Page 2870 - Week 09 - Thursday, 18 August 2005
I just want to refer again to Mrs Dunne’s comments. There was a challenge in the tail end of her speech. It just does seem to me that in a small Assembly like this, and especially amongst an opposition and a crossbench, there is a lot of scope for conversation. I would have really appreciated having a conversation with Mrs Dunne beforehand because I think I would have benefited from the detailed work that she has done. Perhaps we might have been able to work together a bit on this one because I actually think that we do have quite a few common interests.
MR MULCAHY (Molonglo) (11.00): I would like to make a few comments following on from what Mrs Dunne has had to say, focusing particularly on the issue of the moratorium about which I have had representations from constituents and people affected by the plan. The bill, as amended, will create a moratorium on the issuing of licences to extract and it would appear from the advices that it will be for a period of two years, commencing with the enactment of this bill.
The concerns that have been raised relate to the level of consultation that should have occurred. I understand that the response that Environment ACT have given to the opposition was that they consider that the media release that was issued when the bill was introduced in May suffices in that regard. I think that, on a matter as significant as this, a greater level of consultation should have occurred.

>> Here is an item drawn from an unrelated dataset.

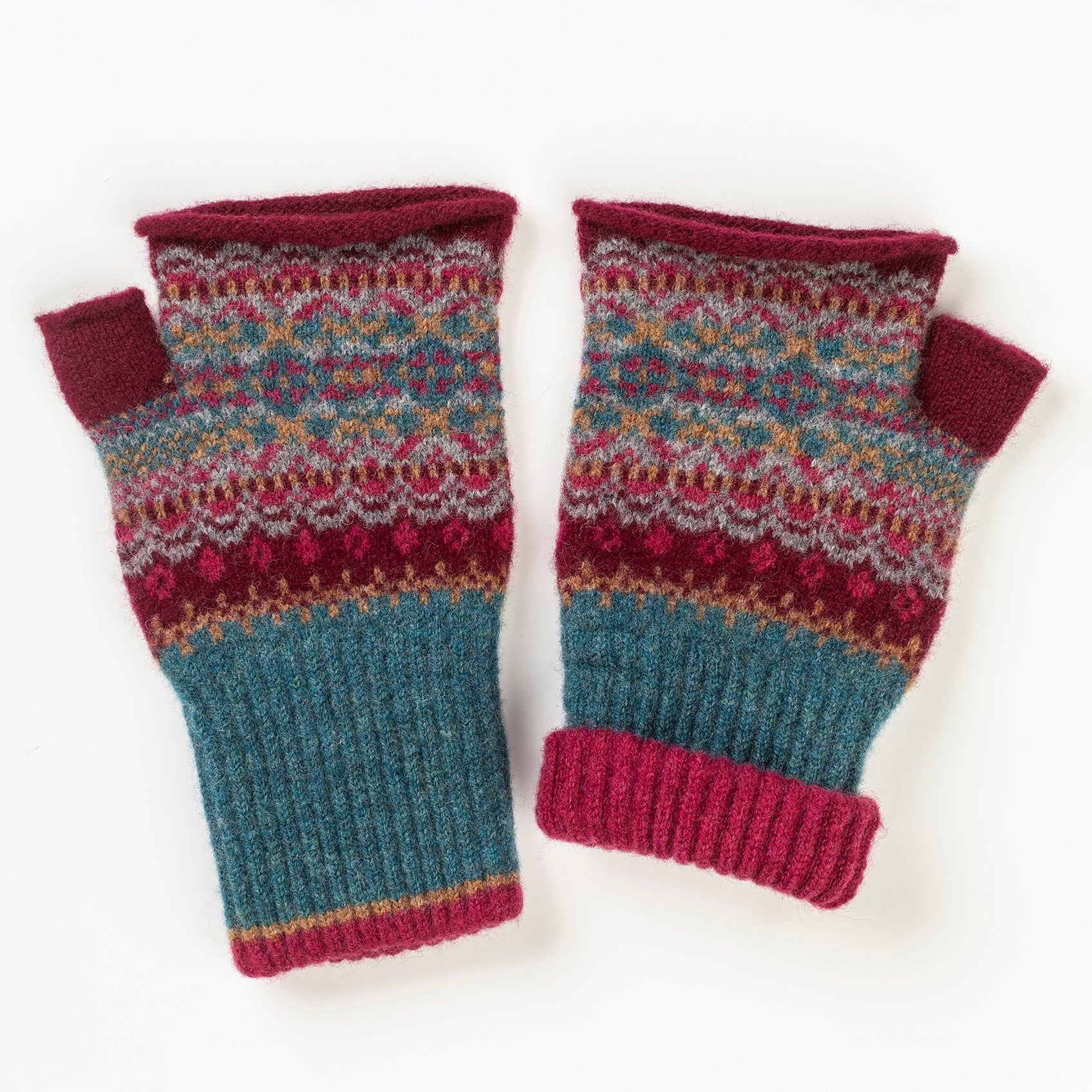 Bright and colourful 100% wool mitts, made in Scotland by ERIBÉ.

Other issues that Mrs Dunne alluded to in relation to a matter before the courts, which I will make mention of briefly, suggests that a wait and see approach would be appropriate for the time being.
Obviously, the creation of a moratorium impacts not only on environmental issues, but also issues surrounding property law, and indeed constitutional law. It would seem from this legislation that it is the clear intention of the government to circumscribe people’s access to ground and surface water. The moratorium is so the government can decide the size of the water resource and then work out a new scheme for access to the resource. But the long and short of it is that people’s access to water will be curtailed. I guess what has troubled me through much of this debate, and we had discussions at estimates, is that I am concerned to try to feel comfortable that good science is behind the approach that is being taken in a number of these cases.
I am also concerned as to what the legal position will be in terms of people’s rights, their property rights in particular, and I think that is an issue that warrants further consideration. Making particular mention of the case of Rashleigh v Environment Protection Authority, the ACT Supreme Court has found that the denial of licensing rights is an unlawful interference with property rights. Indeed, the court found during this case that pre-1998 leaseholders have an irrevocable right to use the bore water under their property. This is recognised by the act, which provides to the government:
The right to the use, flow and control of all water of the territory, other than groundwater, under the land, the subject of a lease of territory land granted before the commencement of this section, is vested in the Territory.
The position of the law at the present time is that these residents have a right to use the water under their land. However, I should note that, while acknowledging this right, Justice Crispin also recognised the need for the use of bore water to be licensed, and this is in recognition of the environmental interests that are tied to this issue.